Unfortunately, that doesn't follow the life cycle that debugfs
expects, as it can access the name field long after the free
has occured.
Move the free on the error path, and keep it forever otherwise.
Fixes: e15d7f2b81d2 ("mfd: syscon: Use a unique name with regmap_config")
Signed-off-by: Marc Zyngier <[email protected]>
---
drivers/mfd/syscon.c | 2 +-
1 file changed, 1 insertion(+), 1 deletion(-)
diff --git a/drivers/mfd/syscon.c b/drivers/mfd/syscon.c
index 75859e492984..7a660411c562 100644
--- a/drivers/mfd/syscon.c
+++ b/drivers/mfd/syscon.c
@@ -108,7 +108,6 @@ static struct syscon *of_syscon_register(struct device_node *np, bool check_clk)
syscon_config.max_register = resource_size(&res) - reg_io_width;
regmap = regmap_init_mmio(NULL, base, &syscon_config);
- kfree(syscon_config.name);
if (IS_ERR(regmap)) {
pr_err("regmap init failed\n");
ret = PTR_ERR(regmap);
@@ -145,6 +144,7 @@ static struct syscon *of_syscon_register(struct device_node *np, bool check_clk)
regmap_exit(regmap);
err_regmap:
iounmap(base);
+ kfree(syscon_config.name);
err_map:
kfree(syscon);
return ERR_PTR(ret);
--
2.27.0
On Thu, 03 Sep 2020, Marc Zyngier wrote:
> The name allocated for the regmap_config structure is freed
> pretty early, right after the registration of the MMIO region.
>
> Unfortunately, that doesn't follow the life cycle that debugfs
> expects, as it can access the name field long after the free
> has occured.
>
> Move the free on the error path, and keep it forever otherwise.
>
> Fixes: e15d7f2b81d2 ("mfd: syscon: Use a unique name with regmap_config")
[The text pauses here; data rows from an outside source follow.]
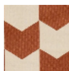
L4534_LES_FL ECHES_N3013_F FE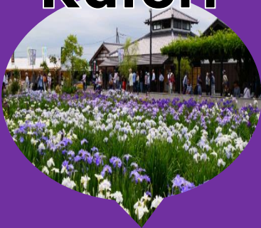
Suigo Sawara Iris Park 水郷佐原あやめパーク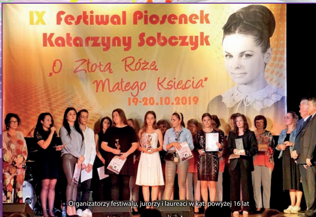
Organizatorzy festiwalu, jurorzy i laureaci w kat. powyżej 16 lat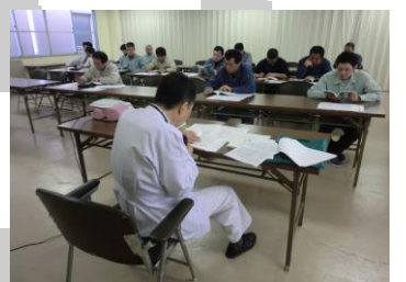
(安全衛生推進者講習) 12/1-2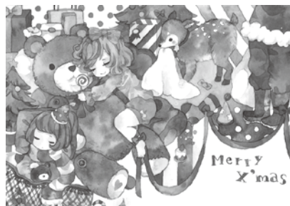
浅野 夢さんの作品

各ワイズメンズクラブのみなさんや会員、名古屋大学留学生の方々のボランティア協力の力もあり、以下のみなさんを特賞に選ぶことができました。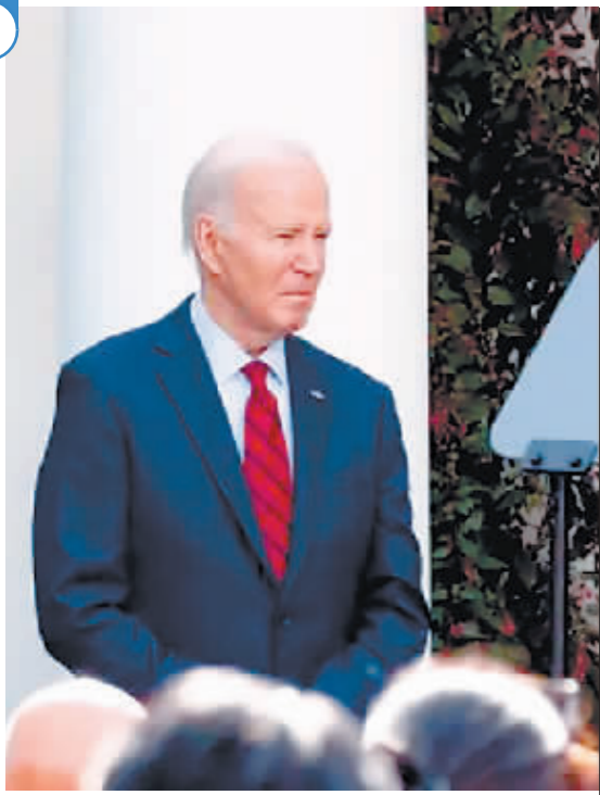
在美国华盛顿白宫拍摄美国总统拜登。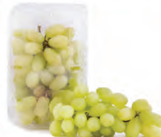
Uva Thompson Bandeja 500g

> Signed-off-by: Marc Zyngier <[email protected]>
> ---
> drivers/mfd/syscon.c | 2 +-
> 1 file changed, 1 insertion(+), 1 deletion(-)
Does this work for you Suman, Arnd?
> diff --git a/drivers/mfd/syscon.c b/drivers/mfd/syscon.c
> index 75859e492984..7a660411c562 100644
> --- a/drivers/mfd/syscon.c
> +++ b/drivers/mfd/syscon.c
> @@ -108,7 +108,6 @@ static struct syscon *of_syscon_register(struct device_node *np, bool check_clk)
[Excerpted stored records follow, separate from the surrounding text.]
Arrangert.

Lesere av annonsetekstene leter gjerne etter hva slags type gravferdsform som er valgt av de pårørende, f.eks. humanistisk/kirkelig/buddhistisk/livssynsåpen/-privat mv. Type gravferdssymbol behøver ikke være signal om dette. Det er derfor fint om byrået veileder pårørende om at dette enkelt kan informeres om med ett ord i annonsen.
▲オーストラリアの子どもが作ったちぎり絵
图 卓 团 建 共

> syscon_config.max_register = resource_size(&res) - reg_io_width;
>
> regmap = regmap_init_mmio(NULL, base, &syscon_config);
> - kfree(syscon_config.name);
> if (IS_ERR(regmap)) {
> pr_err("regmap init failed\n");
> ret = PTR_ERR(regmap);
> @@ -145,6 +144,7 @@ static struct syscon *of_syscon_register(struct device_node *np, bool check_clk)
> regmap_exit(regmap);
> err_regmap:
> iounmap(base);
> + kfree(syscon_config.name);
> err_map:
> kfree(syscon);
> return ERR_PTR(ret);
--
Lee Jones [李琼斯]
Senior Technical Lead - Developer Services
Linaro.org │ Open source software for Arm SoCs
Follow Linaro: Facebook | Twitter | Blog
On Thu, 03 Sep 2020, Marc Zyngier wrote:
> The name allocated for the regmap_config structure is freed
> pretty early, right after the registration of the MMIO region.
>
> Unfortunately, that doesn't follow the life cycle that debugfs
> expects, as it can access the name field long after the free
> has occured.
>
> Move the free on the error path, and keep it forever otherwise.
>
> Fixes: e15d7f2b81d2 ("mfd: syscon: Use a unique name with regmap_config")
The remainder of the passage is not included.